→ **TASK OBJECTIVE**:
When you reach the line with "Trobem en Ferran" in the data below, begin printing lines exactly, and stop once the line with "Üç İplik Baskılı" has been printed.

DATA RECORDS START

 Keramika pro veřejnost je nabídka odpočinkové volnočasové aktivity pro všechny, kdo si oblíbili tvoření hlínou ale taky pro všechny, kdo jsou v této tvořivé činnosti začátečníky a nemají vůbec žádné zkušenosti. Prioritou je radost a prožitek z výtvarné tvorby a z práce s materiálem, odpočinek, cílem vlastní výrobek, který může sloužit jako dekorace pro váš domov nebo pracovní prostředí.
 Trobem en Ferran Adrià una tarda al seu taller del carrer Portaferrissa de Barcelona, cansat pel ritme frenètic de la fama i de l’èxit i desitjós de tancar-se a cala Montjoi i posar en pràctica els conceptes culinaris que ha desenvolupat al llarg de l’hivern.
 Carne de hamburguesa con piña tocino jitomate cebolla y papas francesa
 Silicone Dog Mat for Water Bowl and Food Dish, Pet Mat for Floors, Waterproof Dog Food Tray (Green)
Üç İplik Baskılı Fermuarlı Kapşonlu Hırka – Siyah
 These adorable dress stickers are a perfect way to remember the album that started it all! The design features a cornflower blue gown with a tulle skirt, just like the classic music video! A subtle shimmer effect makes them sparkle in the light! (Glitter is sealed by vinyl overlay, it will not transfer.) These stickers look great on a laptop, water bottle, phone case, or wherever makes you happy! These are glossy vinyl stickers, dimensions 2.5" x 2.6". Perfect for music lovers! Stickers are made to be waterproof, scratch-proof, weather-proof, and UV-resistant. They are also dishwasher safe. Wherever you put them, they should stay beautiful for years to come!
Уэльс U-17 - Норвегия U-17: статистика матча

DATA RECORDS END
DATA RECORDS START

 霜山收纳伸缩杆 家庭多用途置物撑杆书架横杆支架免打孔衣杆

DATA RECORDS END
DATA RECORDS START

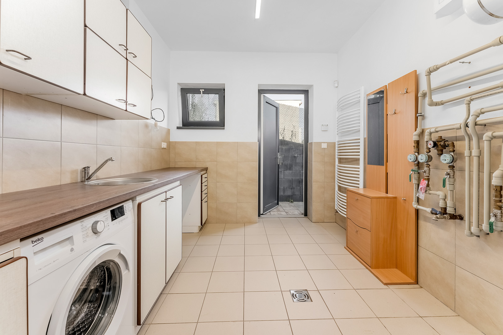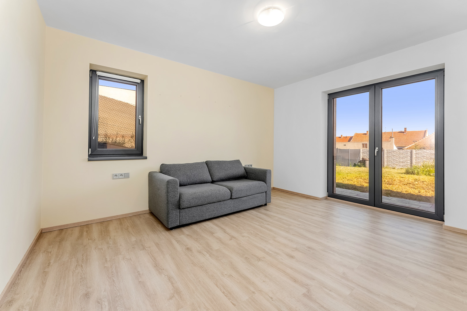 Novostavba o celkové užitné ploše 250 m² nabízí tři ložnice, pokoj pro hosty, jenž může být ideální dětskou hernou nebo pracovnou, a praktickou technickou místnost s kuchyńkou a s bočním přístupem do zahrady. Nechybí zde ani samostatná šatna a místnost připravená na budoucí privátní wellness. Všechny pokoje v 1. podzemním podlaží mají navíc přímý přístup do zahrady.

DATA RECORDS END

→ **EXPECTED ANSWER**:
 Trobem en Ferran Adrià una tarda al seu taller del carrer Portaferrissa de Barcelona, cansat pel ritme frenètic de la fama i de l’èxit i desitjós de tancar-se a cala Montjoi i posar en pràctica els conceptes culinaris que ha desenvolupat al llarg de l’hivern.
 Carne de hamburguesa con piña tocino jitomate cebolla y papas francesa
 Silicone Dog Mat for Water Bowl and Food Dish, Pet Mat for Floors, Waterproof Dog Food Tray (Green)
Üç İplik Baskılı Fermuarlı Kapşonlu Hırka – Siyah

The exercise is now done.